*WHAT THE TASK REQUIRES*
Starting at the line that contains "Environmental and Power Monitoring", return every line through the end of the data exactly, without pictures.

*DATA TO EXAMINE*
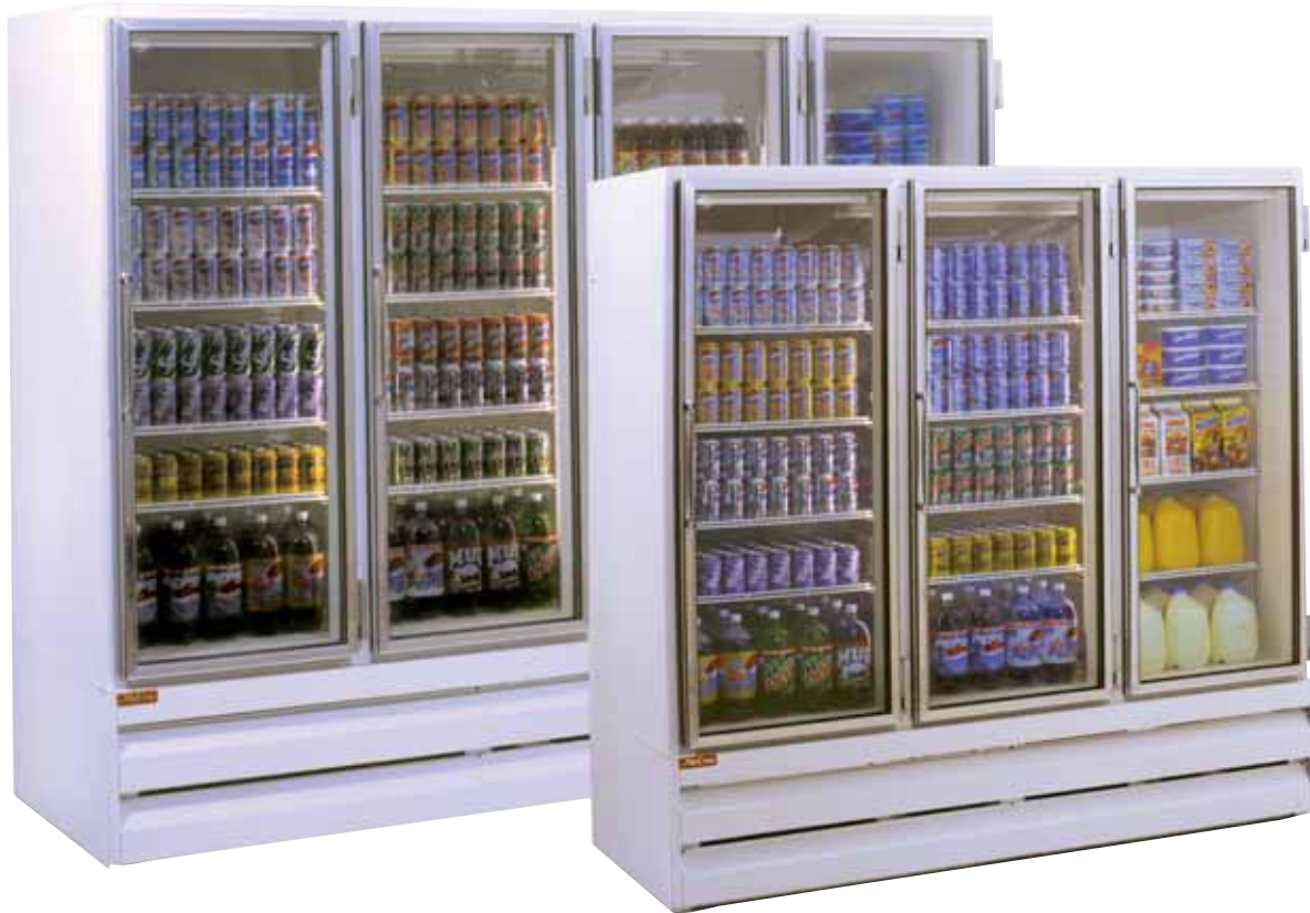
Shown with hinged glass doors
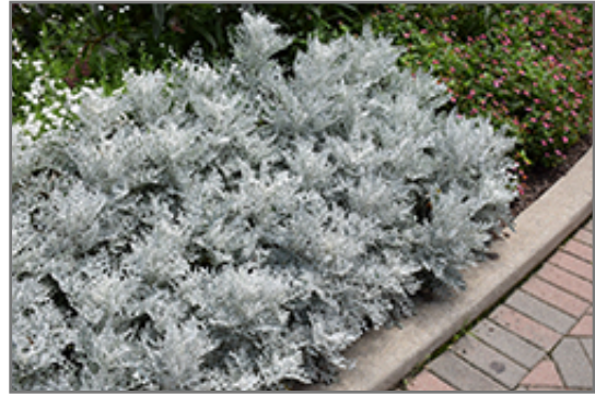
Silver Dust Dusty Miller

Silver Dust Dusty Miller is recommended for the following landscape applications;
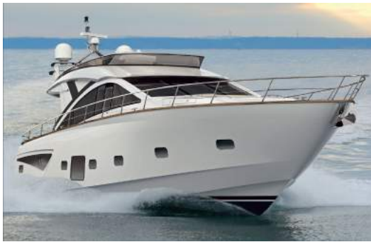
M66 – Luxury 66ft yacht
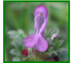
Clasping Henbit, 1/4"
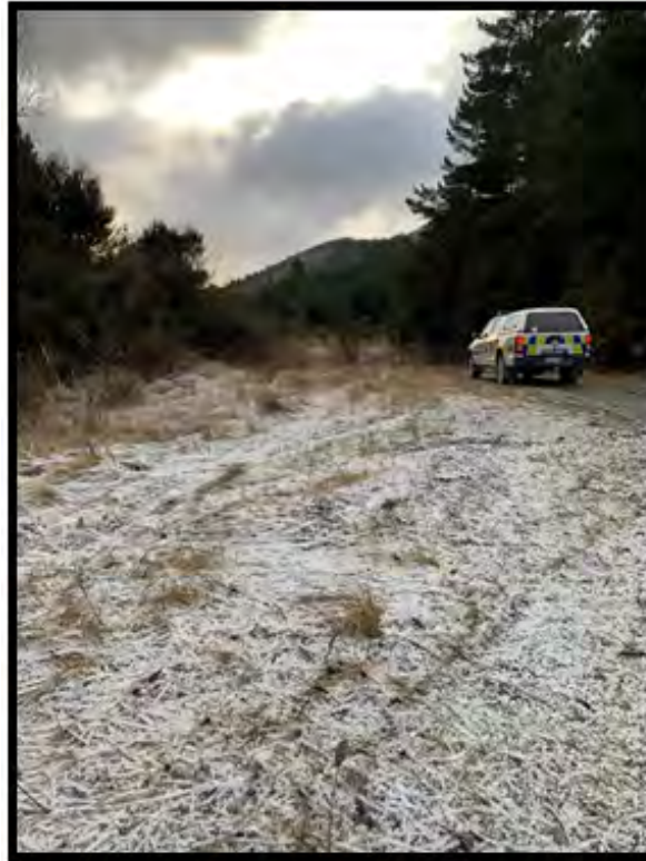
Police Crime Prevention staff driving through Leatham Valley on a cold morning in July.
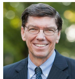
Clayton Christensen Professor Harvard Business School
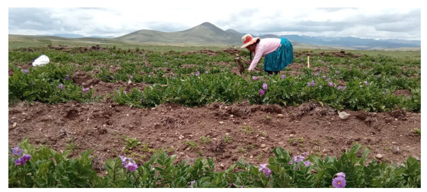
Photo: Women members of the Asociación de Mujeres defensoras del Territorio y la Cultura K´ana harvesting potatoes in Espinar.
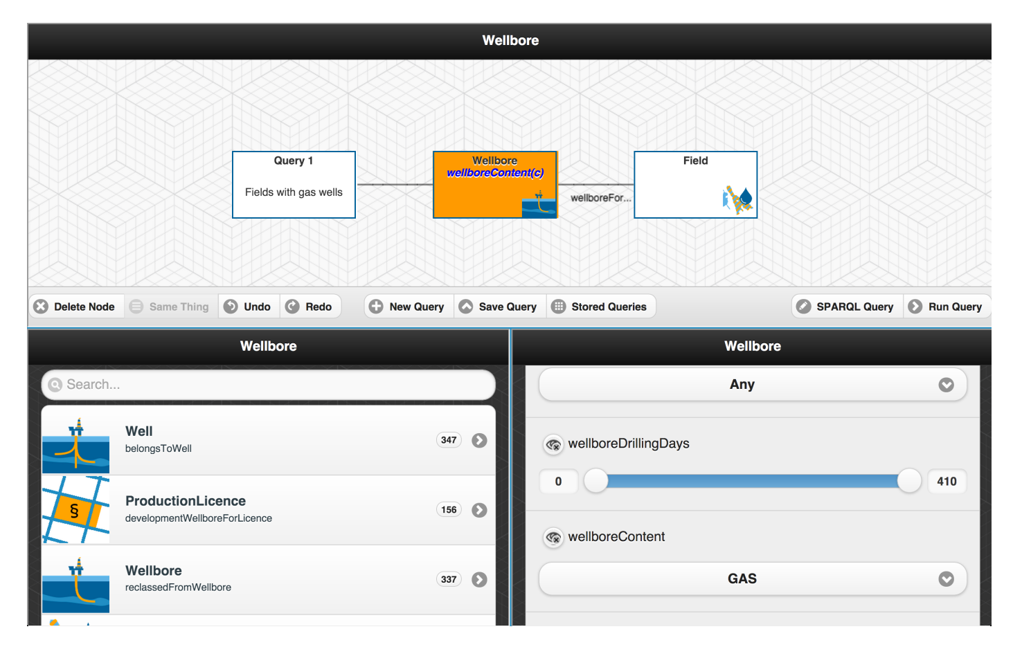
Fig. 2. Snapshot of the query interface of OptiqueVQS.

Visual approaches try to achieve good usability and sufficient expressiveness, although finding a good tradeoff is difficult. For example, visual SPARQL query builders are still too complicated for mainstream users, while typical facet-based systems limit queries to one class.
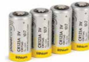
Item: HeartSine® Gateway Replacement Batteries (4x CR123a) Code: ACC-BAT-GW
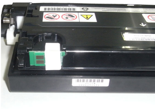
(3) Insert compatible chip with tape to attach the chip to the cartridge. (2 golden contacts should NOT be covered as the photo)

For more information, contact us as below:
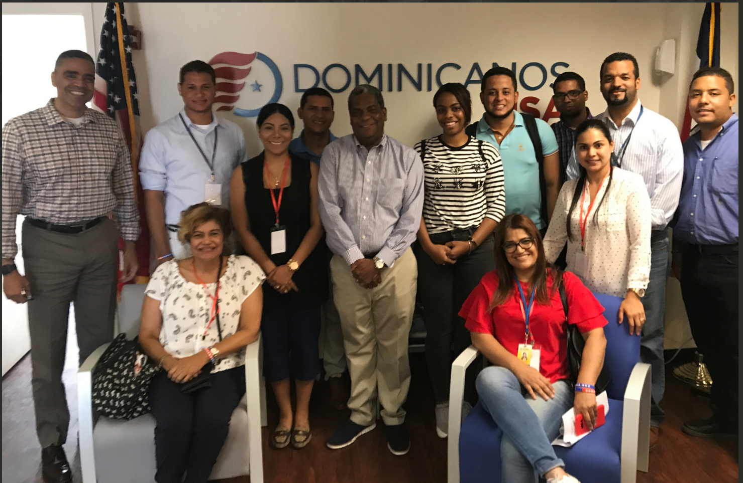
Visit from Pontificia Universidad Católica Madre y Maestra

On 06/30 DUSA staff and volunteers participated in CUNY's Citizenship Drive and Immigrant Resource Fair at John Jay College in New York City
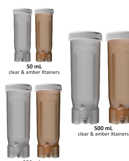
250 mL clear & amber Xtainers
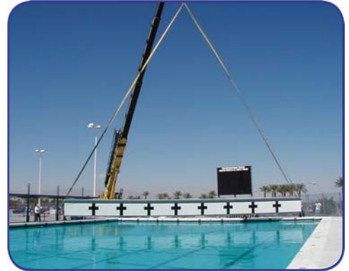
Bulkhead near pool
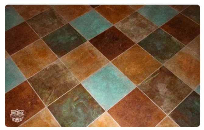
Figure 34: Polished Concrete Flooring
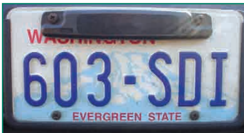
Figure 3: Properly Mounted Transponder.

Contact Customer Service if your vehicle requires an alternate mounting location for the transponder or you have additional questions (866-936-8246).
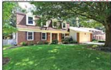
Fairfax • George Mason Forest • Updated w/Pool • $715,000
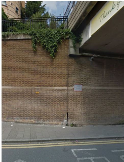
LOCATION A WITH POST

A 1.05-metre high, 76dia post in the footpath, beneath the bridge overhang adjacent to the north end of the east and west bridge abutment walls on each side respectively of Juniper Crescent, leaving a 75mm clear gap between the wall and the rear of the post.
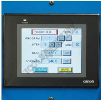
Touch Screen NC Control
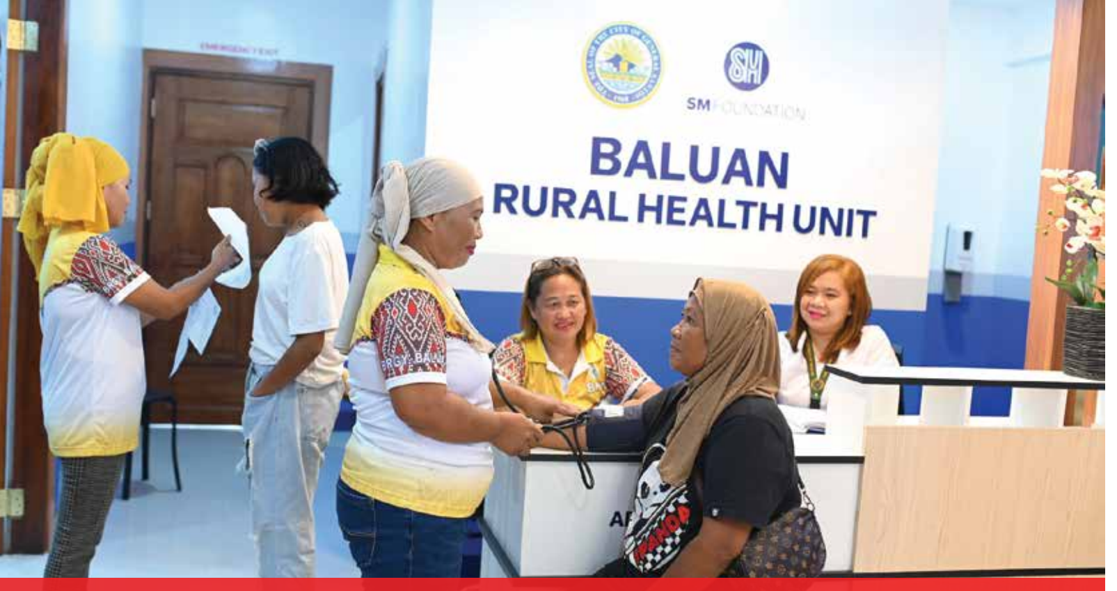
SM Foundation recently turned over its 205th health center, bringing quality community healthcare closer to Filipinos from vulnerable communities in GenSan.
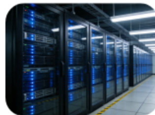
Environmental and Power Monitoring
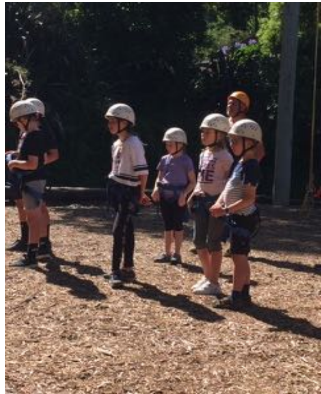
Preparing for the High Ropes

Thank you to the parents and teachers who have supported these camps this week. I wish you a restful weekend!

*RESULT*
Environmental and Power Monitoring
Preparing for the High Ropes

Thank you to the parents and teachers who have supported these camps this week. I wish you a restful weekend!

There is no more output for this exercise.